Entries

産直、農薬と生産者のあり方


               食をめぐる消費者と生産者の諸問題(3)

                ☆産直、農薬と生産者のあり方

 地産地消といえば、ある婦人団体でやっている産直に参加している近所の奥さんがこんなことを言っていた。
 週3回市内の農家から産直野菜が届く。ある時期になると毎回毎回ホウレンソウだけがくる。またある時は毎回大根になる。その奥さんはいう、3週間も連日ホウレンソウを食べていると身体が青くなりそうだと。そう文句をいうと、旬のものだからそうなるのだ、それがいいのだとその婦人団体は説明する。
 これを聞いたとき、奥さんつまり消費者と、そういう野菜を届ける農家つまり生産者の双方に、文句を言いたくなった。
 まず消費者であるが、いまのようにハウスがなく、交通機関もないときは、それぞれの地域で季節に応じた野菜を毎日食べるのが普通だった。たとえば私の家でもキュウリの時期はキュウリだけ、ナスの最盛期はナスだけが野菜のおかずとして食卓にのぼった。もちろんそれでは飽きる。栄養も偏る。だから、そうならないように、お汁の実にしたり、おひたしにしたり、和え物にしたり、焼いたり、揚げたり、味付けを変えたり、他のものといっしょに煮たり、浅漬け、塩漬け、ぬか漬け、味噌漬け、粕漬け等々の多様な漬け物にしたりする等々、いろいろな調理方法を工夫して食べた。そういう工夫をする必要があるのではないか。それもしないで文句をいうのは農業の季節性というものを知らずにわがままを言っていることにしかならない。
 生産者に対してはこう言いたい。産直に甘えるなと。自分だって毎日毎日ホウレンソウだけ食べていたらいやにならないか。消費者の気持ちをなぜ考えないのか。しかも自分の家には畑がある。それを利用して多種多様な野菜をつくり、供給していく、そういう努力をどうしてしないのか。かつての触れ売り農家がそうだった。いろいろなものをつくって持っていった。需要のないものをつくったら売れずに持って帰らなければならないから、売れるものを、つまり消費者の気持ちを考えてつくった。ところが産直だったら必ず買ってもらえると甘えている。その根性が許せない。生産者としての誇りはないのか。
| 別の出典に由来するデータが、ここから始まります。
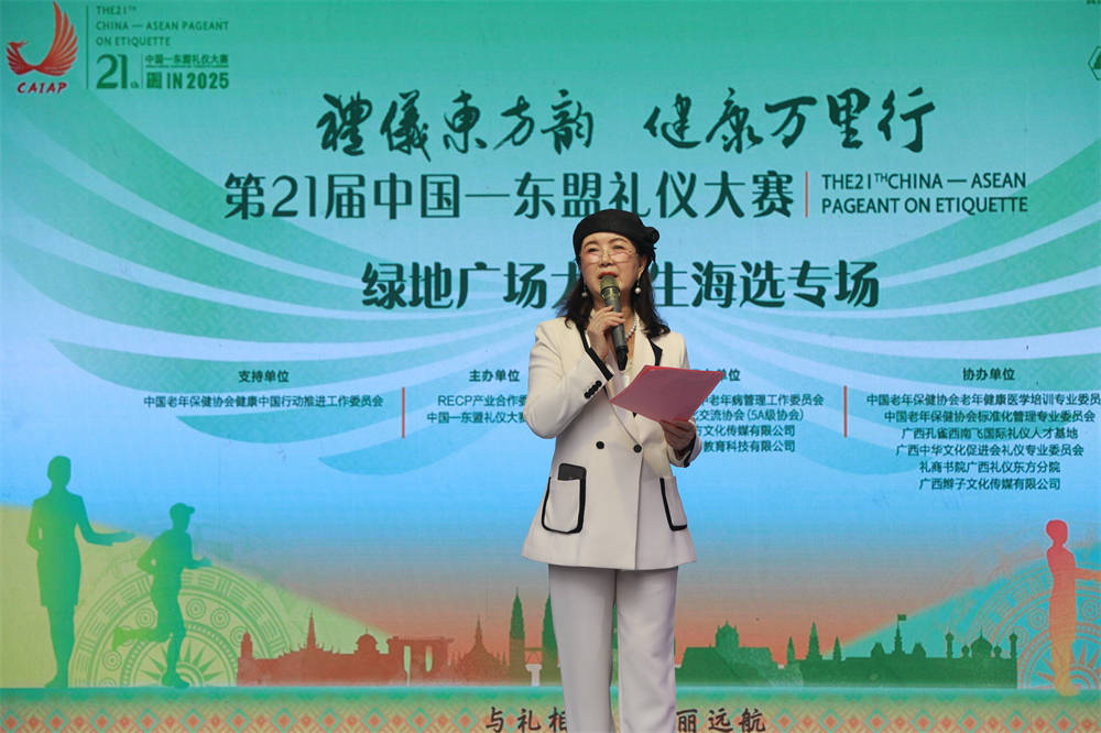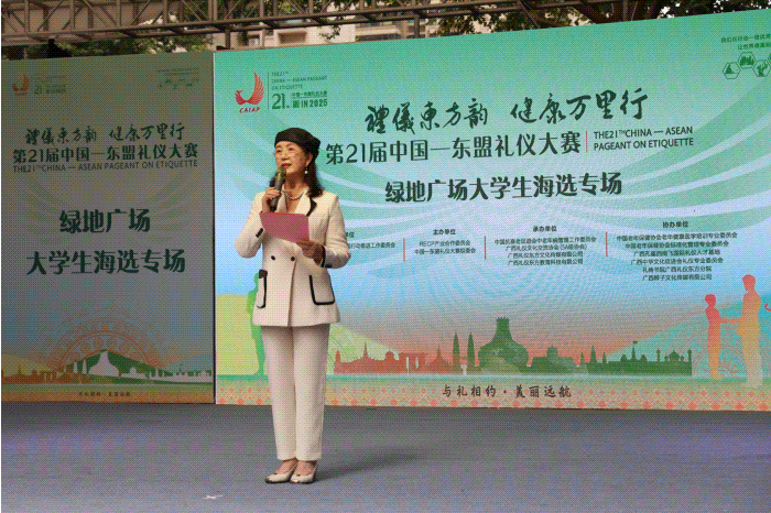 11月16日下午,第21届中国-东盟礼仪大赛大学生海选专场在南宁绿地中央广场举行。来自广西各高校的青年学子齐聚一堂,以礼仪为基、以才艺为笔,在舞台上展现当代大学生的青春风采与文化素养。▲中国-东盟礼仪大赛组委会执行主席潘玲致辞。

 同じこの団体から有機野菜だという大根をたまたま家内が買った。家に帰って輪切りにしたら中に鬆(す)が入っていた。文句を言ったら、農薬を使わない有機野菜だからだ、これは安心できる証拠だと答えたという。納得できない家内は、山形の私の生家に帰ったとき野菜作りのプロだった父に聞いた。そしたら父はそれは農薬の有無とは関係ない、土壌管理等の肥培管理の悪さからくるものだという。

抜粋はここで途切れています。